Reviewing How to Be Exceptional in Canadian HR Reporter Dave writes “once in a decade, there’s a business book worth reading and remembering … there are many excellent books that simply reiterate things we should already know. Then there are those destined to become classics of new knowledge, the way Jim Collin’s 2002 title Good to Great did …Zenger and Folkman published an excellent book the same year as Good to Great called The Extraordinary Leader (read my review here) I have routinely recommended to audiences. Collins said, quite bluntly, he didn’t know how to teach people the six key competencies he found leaders need (he subsequently rethought that, but hasn’t necessarily hit the mark with direct advice). That same year Zenger and Folkman were laying the ‘how to’ out in their book, but many people didn’t connect the two.”
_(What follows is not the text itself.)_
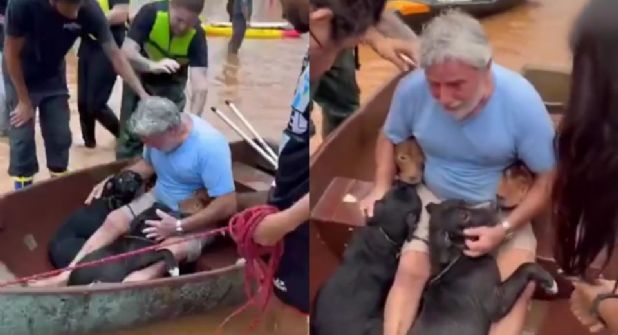 “Un hombre trasladó a los voluntarios que lo rescataron. Llegó diciendo que necesitaba recoger a sus 4 hijos, pero tenía que acompañarlos. En la situación, el hombre tenía una bolsa de colostomía y no podía mojarla. Cuando regresó, los 4 niños eran 4 cachorros”, se lee en el post del mencionado medio.

You can read Dave’s full review at Some books deserve a long life: The next Good to Great? He concludes the interview with his plans to “re-read a few times as more details click into place each time.” This is very similar to the feedback I recently received from a municipal CAO who read How to Be Exceptional: Drive Leadership Success by Magnifying Your Strengths after I presented the core concepts of its Strengths-Based Leadership Development System at the Ontario Municipal Administrator’s Association conference in September. He wrote to me “I’ve read How to Be Exceptional twice already and consider it one of the best leadership books I’ve ever read. It is truly an eye-opener.”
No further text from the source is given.